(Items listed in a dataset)
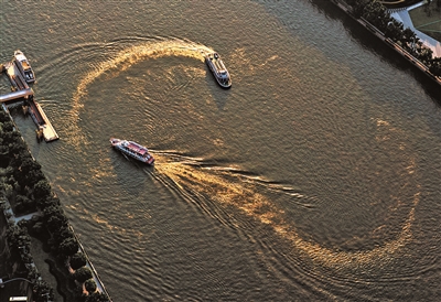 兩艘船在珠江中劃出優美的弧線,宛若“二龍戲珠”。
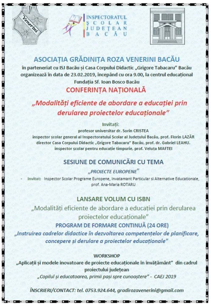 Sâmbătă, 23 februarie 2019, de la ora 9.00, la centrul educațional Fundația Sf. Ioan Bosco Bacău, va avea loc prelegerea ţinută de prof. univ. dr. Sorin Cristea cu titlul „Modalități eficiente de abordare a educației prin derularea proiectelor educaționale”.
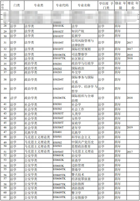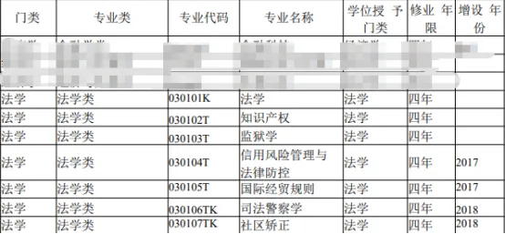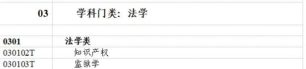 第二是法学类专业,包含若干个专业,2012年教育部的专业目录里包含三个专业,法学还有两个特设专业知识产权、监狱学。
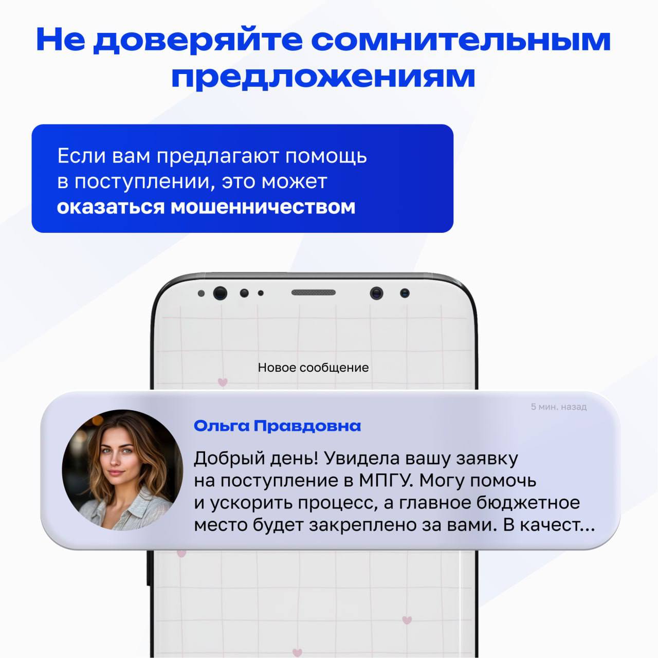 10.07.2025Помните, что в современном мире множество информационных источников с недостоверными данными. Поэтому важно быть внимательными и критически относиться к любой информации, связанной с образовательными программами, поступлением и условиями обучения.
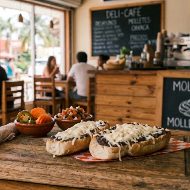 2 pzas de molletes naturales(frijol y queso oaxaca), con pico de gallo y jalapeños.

## [WHAT IS BEING ASKED]
For the data above, return an exact copy that contains no pictures.

## [RESULT OF THIS TASK]
 兩艘船在珠江中劃出優美的弧線,宛若“二龍戲珠”。
 Sâmbătă, 23 februarie 2019, de la ora 9.00, la centrul educațional Fundația Sf. Ioan Bosco Bacău, va avea loc prelegerea ţinută de prof. univ. dr. Sorin Cristea cu titlul „Modalități eficiente de abordare a educației prin derularea proiectelor educaționale”.
 第二是法学类专业,包含若干个专业,2012年教育部的专业目录里包含三个专业,法学还有两个特设专业知识产权、监狱学。
 10.07.2025Помните, что в современном мире множество информационных источников с недостоверными данными. Поэтому важно быть внимательными и критически относиться к любой информации, связанной с образовательными программами, поступлением и условиями обучения.
 2 pzas de molletes naturales(frijol y queso oaxaca), con pico de gallo y jalapeños.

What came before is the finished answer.